El presidente Daniel Ortega, con su autoritarismo, nos ha dicho constantemente, “El Estado soy yo”, es decir, lo que fue derrotado en Francia; pero eso sí, dentro de su absolutismo, al mismo tiempo se consolida como propietario de bienes cuantiosos, con lo que ingresa a una nueva clase burguesa y oligarca, como en su momento hicieron Somoza y luego Arnoldo Alemán. Es como una burla a la historia o como un retorcimiento de una etapa del desarrollo social de la humanidad, como una avería en el tiempo. También parece una caricatura, un rostro tumefacto y deformado detrás de un cristal empañado.

La pareja absolutista toma los tres principios esenciales para la construcción de la democracia republicana, pero solo como parte de un discurso que encubre su naturaleza opresiva, su aversión a la diversidad, su intolerancia, su rechazo a la crítica, su afán de controlarlo todo, porque más bien en sus cuatro años de gobierno ha estado desmantelando los avances institucionales que hubo en los últimos 20 años. Más bien la libertad está amenazada, el bien más precioso que podemos tener, pende de un hilo.

Avanza la cuenta regresiva hacia los comicios del 6 de noviembre próximo, y con ello una formidable maquinaria del fraude y de gigantesca burla al pueblo y su voto, que no será contado como debiera ser. Avanzamos también hacia el conflicto más agudo.

Y otra paradoja: aún no se apagan los acordes de La Internacional (“Arriba los pobres del mundo…”), correspondiente a otro período histórico, supuestamente más avanzado del desarrollo social de la humanidad, que podemos ubicar en 1917, con el triunfo de la Revolución Socialista en Rusia y la toma del poder por parte de los bolcheviques y su gran líder Vladimir Ilich Lenin. ¿No importa oscilar entre dos períodos históricos tan opuestos? ¿Cuál es el mensaje? ¿Que el Frente es ahistórico, que está por encima de la historia, que es intemporal, que no importan las ideologías, que no tiene pensamiento propio?
¿Qué pasa con el Frente que no tiene problemas en utilizar en un momento una canción que reivindica el socialismo, y poco después, nos pone otra, de reminiscencias burguesas? Se podrá decir que la libertad no tiene marco ideológico, y podría ser cierto, aunque en un sentido estricto, la libertad tiene significados diferentes en dependencia del sistema económico-social en vigencia.

Así, en un estado de obreros y campesinos no existiría la libertad de tener propiedades.
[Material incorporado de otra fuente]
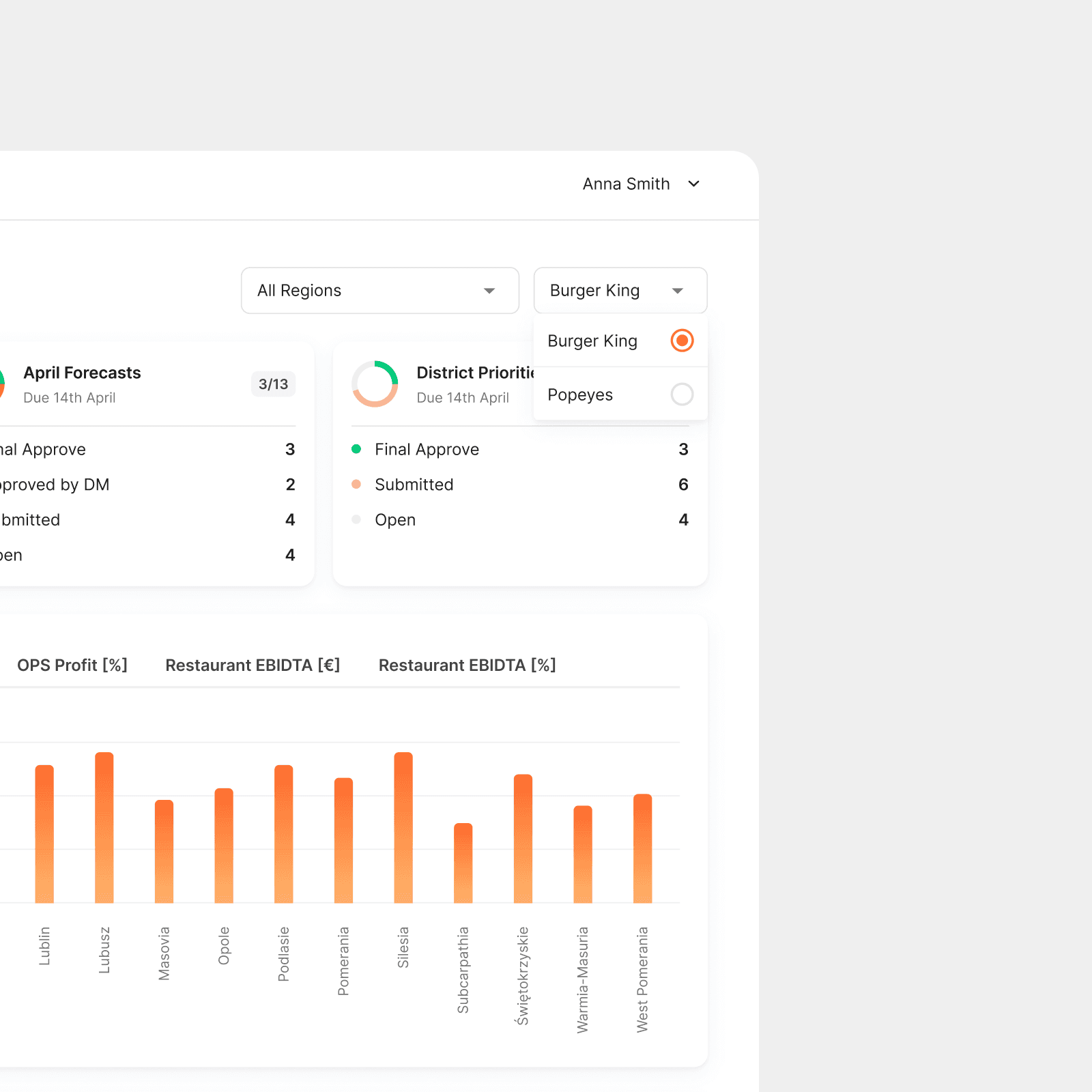 The project included different data forms, analytics dashboards, acceptance workflows, and manager-supervisor communication. The system is now used daily by managers making Burger King and Pepeyes operations in Europe run smoothly.
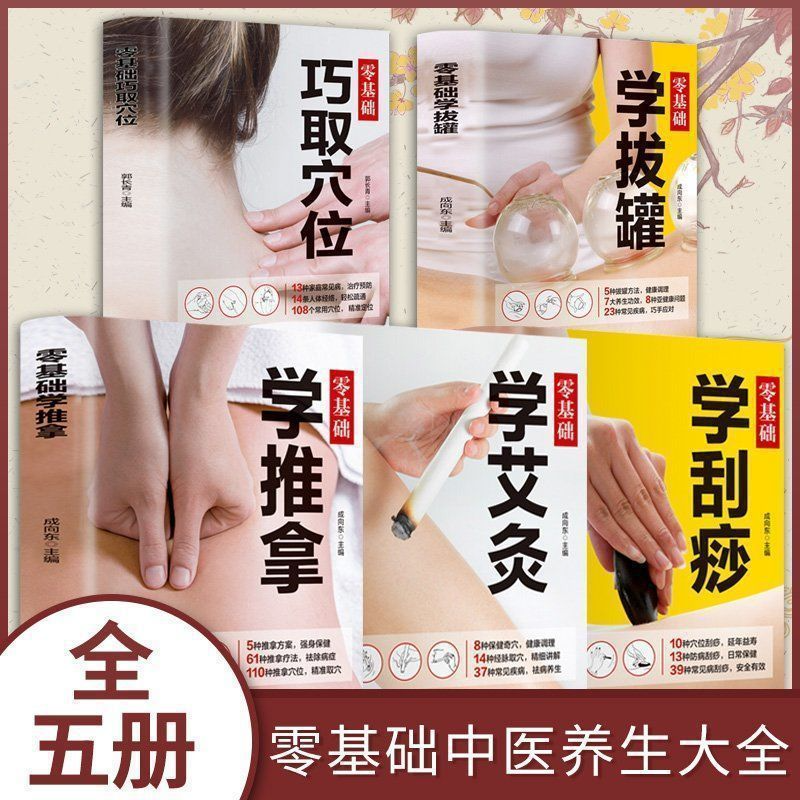 中医养身书全5册 零基础学推拿+学拔罐+学艾灸+学刮痧+巧取穴位
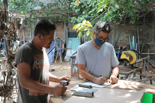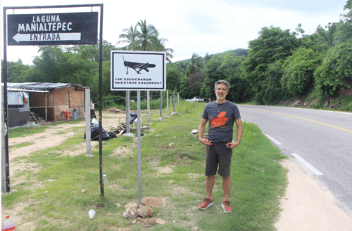 Este es un proyecto híbrido, que combina elementos pictóricos, escultóricos y sonoros y se encuentra instalado en el embarcadero de la cooperativa de prestadores de servicios turísticos “La Isla del Gallo” de la comunidad Aguaje el Zapote. Se crearon señales de tránsito para ser instaladas a pie de carretera y encaminar a los turistas hacia el embarcadero de la laguna de Manialtepec. Estas señales tienen representaciones de animales típicos del manglar y vienen con un código QR que al escanearlo te muestra sonidos de la laguna, de las aves, narraciones o mitos de esta comunidad o sonidos de niños imitando el canto de las aves o el sonido de alguno de estos animales. El contenido de estas grabaciones va cambiando con el paso del tiempo, pues se invita a los turistas de la laguna a mandar sus propias grabaciones y ser parte de este proyecto y de esta forma es un proyecto siempre cambiante.
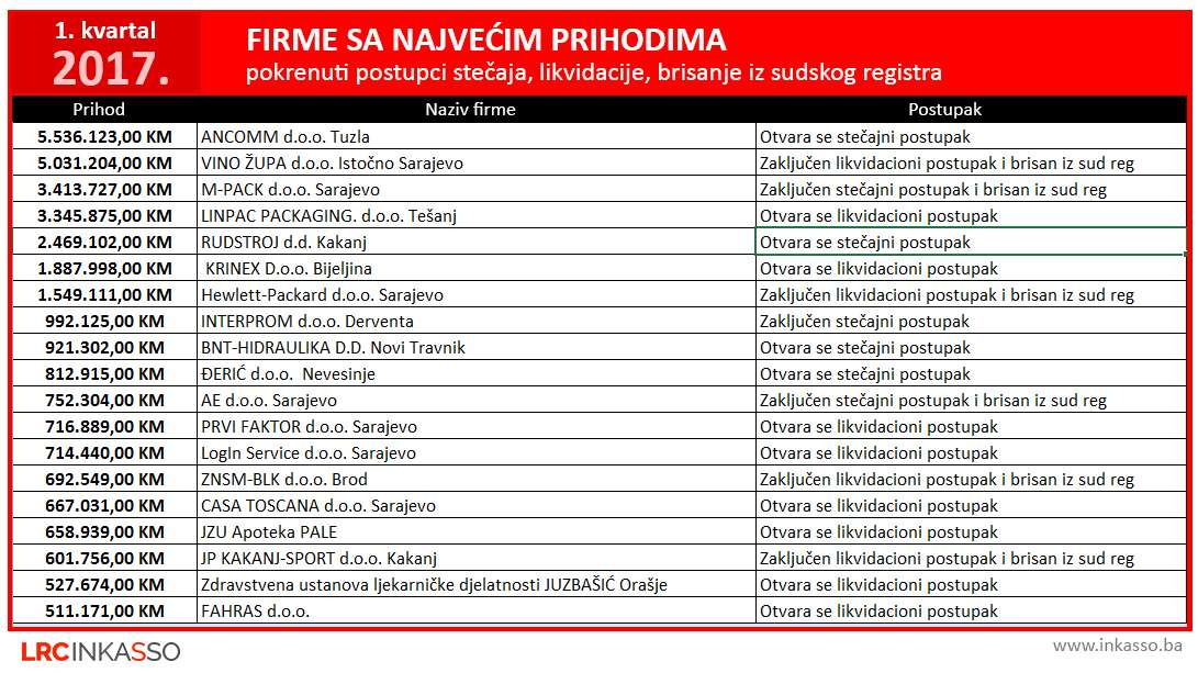 Prema riječima Sabine Mašović, rukovodioca pravne službe „LRC  Inženjering“,  u  prvom kvartalu 2017. godine  otvoreno je 55 stečaja i 184  likvidacije, što je za 5 postupaka stečaja i 29 postupaka  likvidacija firmi manje u odnosu na isti period 2016. godine. Istovremeno,  iz registra pravnih lica za prva tri mjeseca 2017.  izbrisano je ukupno 158 firmi, što je za 22 ugašene firme manje u odnosu na isti period prošle godine.
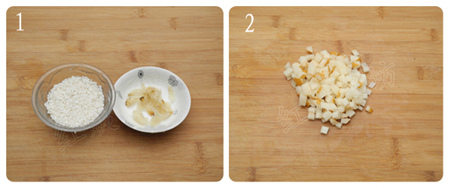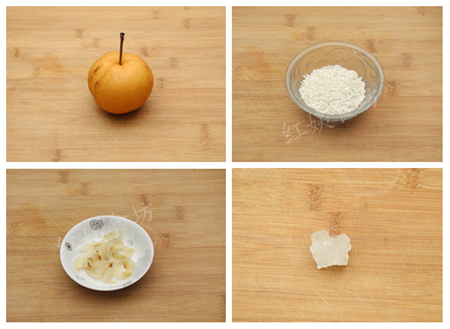 原料:糯米50克,雪梨1个,干百合1小把,冰糖1块
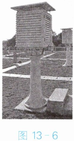 2. 走进气象站,可以看到如图 13 - 6 所示的百叶箱,箱内主要的测量仪器有:两支湿度计(绝对湿度计和相对湿度计)和两支温度计(测量并记录一天中最高气温的温度计和最低气温的温度计)。
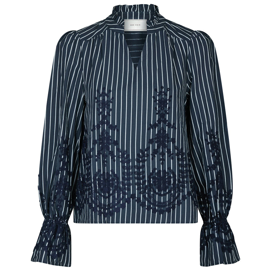 Elegant bluse fra Neo Noir med print, lange ærmer med manchetter med smock og lille v-udskæring. Perfekt til både hverdag og fest.
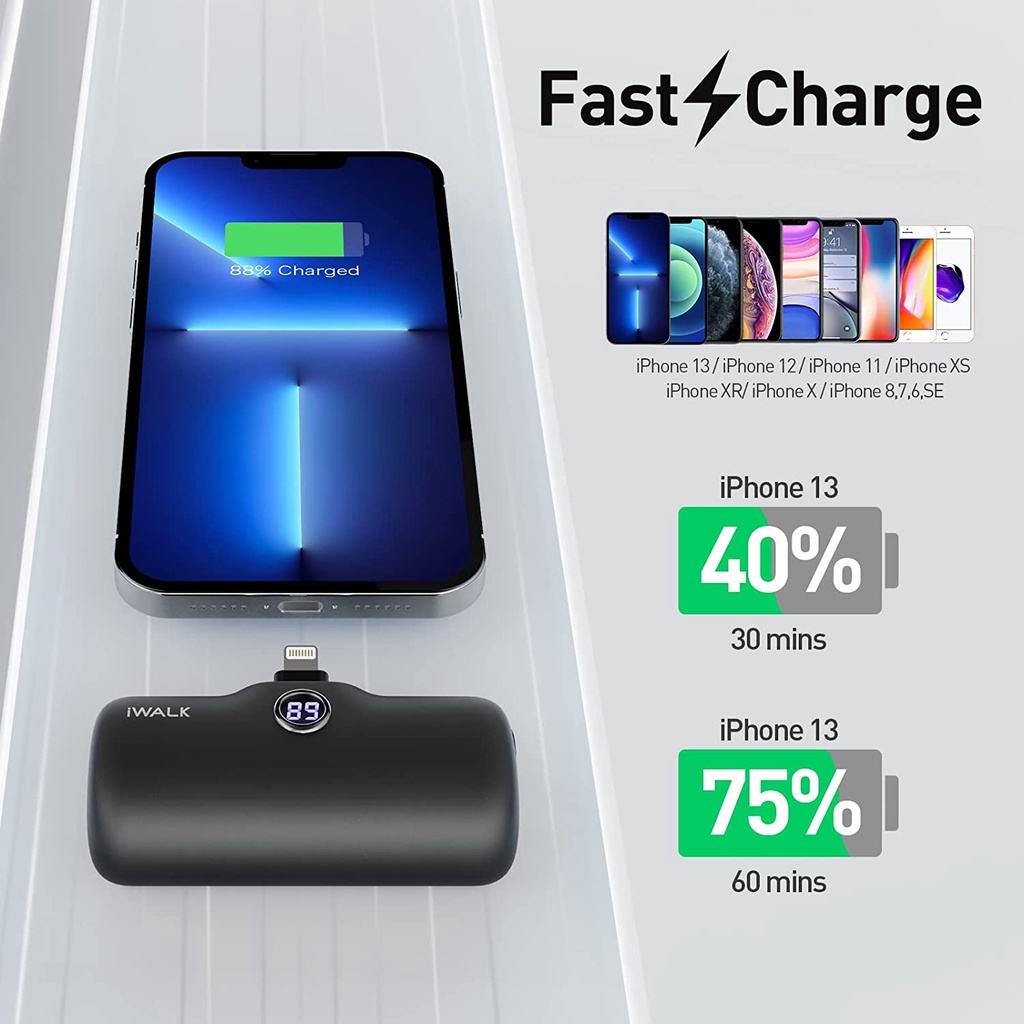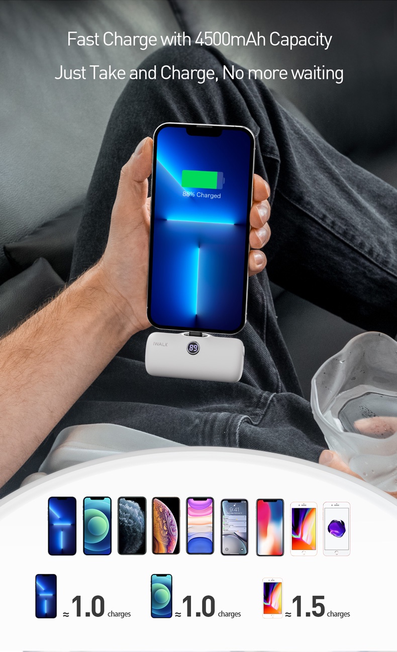 ด้วยความขนาดความจุ 4800 mAh สามารถชาร์จ iPhone13,12 ได้ประมาณ 1 รอบเต็ม
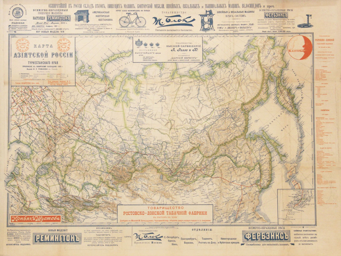 Карта Азиатской России и Туркестанскаго края. Приложение к Сибирскому календарю 1903 г. Издание Ф.П.Романова в Томске. Масштаб: в Английском дюйме 250 верст или 1:10500000. Спб., Картографическое заведение А.Ильина, [1902]. В раме. Размер карты: 46,5 х 73,5 см. Размер в раме: 72,5 х 92 см. Очень хорошая сохранность. На полях и оборотной стороне карты - многочисленная реклама торговых и промышленных предприятий России.
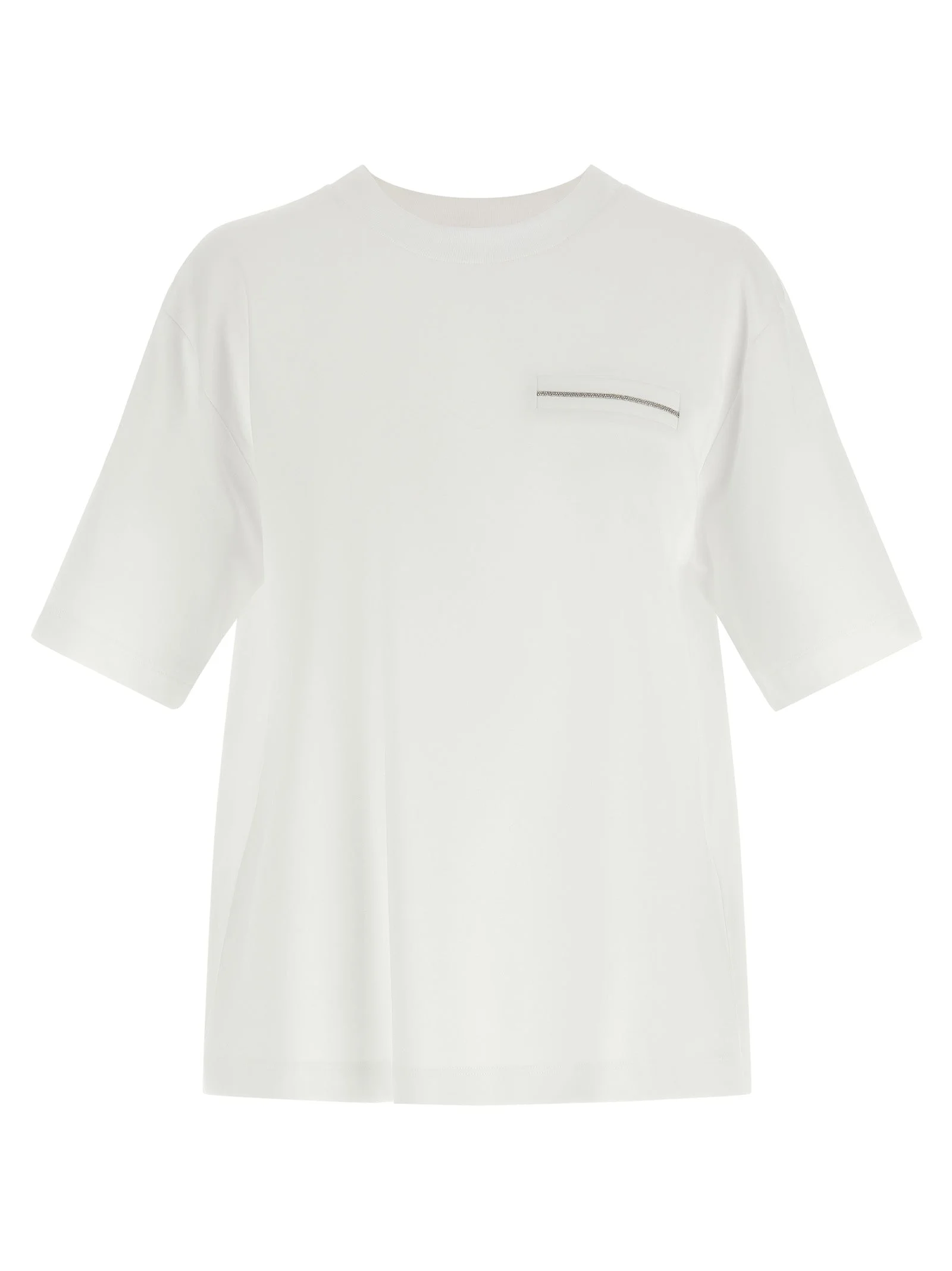 T-shirt consisting of cotton jersey front, trompe l'oeil pocket with metal 'Punto Luce', short sleeves and double layer back in cotton organza with pleats, crew neck. - Colour: White - Composition: 94% cotton 5% polyamide 1% elastane - Country Of Manufacture: Italy - Dimension: true to size fit - MPN: A06235J05635C01C
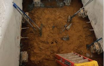 Helical piers were chosen as the preferred deep foundation alternative given the low mobilization costs, the ability to work in confined locations and the verification of capacity during installation by monitoring torque. A soil boring advanced at the elevator area showed loose sand below the elevator floors to a depth of about 15 feet where it transitioned to medium dense sand to the termination of boring about 40 feet below the floor elevations. At each elevator location, the design included eight underpinning locations with ultimate compression loads of 40.4 kips. Two-foot square access areas were sawcut in the existing floor at the eight underpinning locations The helical pier design included the Model HP288 (2.875-inch O.D. by 0.276-inch wall thickness) shaft with a 10”-12” helix plate configuration. The helical piers were installed to depths of 19 to 23 feet below the bottom of each elevator floor with final installation torques of at least 4,500 ft-lb. LRE was able to install the piers from the ground surface by reaching into the access opening with a small excavator and drive head. After the underpinning piers and brackets were installed, the wall loads were transferred to the piers. With the underpinning complete, the remainder of the existing floors were removed, and excavation was performed to facilitate pouring the new concrete floor systems at the proper elevation. The underpinning at both elevator locations was completed over a period of 4 days.
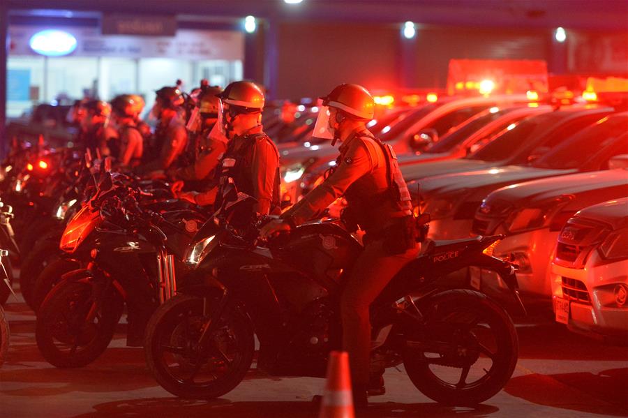 4月3日,泰国曼谷的警察集结准备执行宵禁任务。 新华社发(拉亨 摄)

En la dictadura del proletariado la burguesía es suprimida al ser estatizada la propiedad sobre los medios de producción y hasta de la vivienda y cualquier caramanchel.

Debe haber una “chanfaina” ideológica en el Frente, porque nunca discutieron los problemas que causaron la caída en Europa del llamado socialismo, ni las causas de la derrota electoral de 1990, ni las más actuales tendencias del desarrollo social. Copiaron mecánicamente “el chavismo”, es decir, el llamado “Socialismo del S. XXI”, pero en realidad se les secó el pozo de las ideas, se quedaron sin propuestas y con su práctica están emulando a Somoza, están siendo lo que antes combatieron.

Por eso para cada cosa invocan indistintamente a la Virgen y a Dios, e incluso, en su discurso han incorporado el concepto católico del “arca de la alianza”, dándole a las acciones y hechos cotidianos un significado mágico-religioso, apartando las explicaciones racionales y promoviendo la ignorancia y la superstición en el pueblo.
Del mismo modo, otro día, en la televisión cubana, Daniel Ortega se presenta como abanderado de un gobierno de partido único, por el resto de los tiempos.

Dentro de este discurso, la libertad no existiría. ¿De qué libertad hablan en la canción electoral?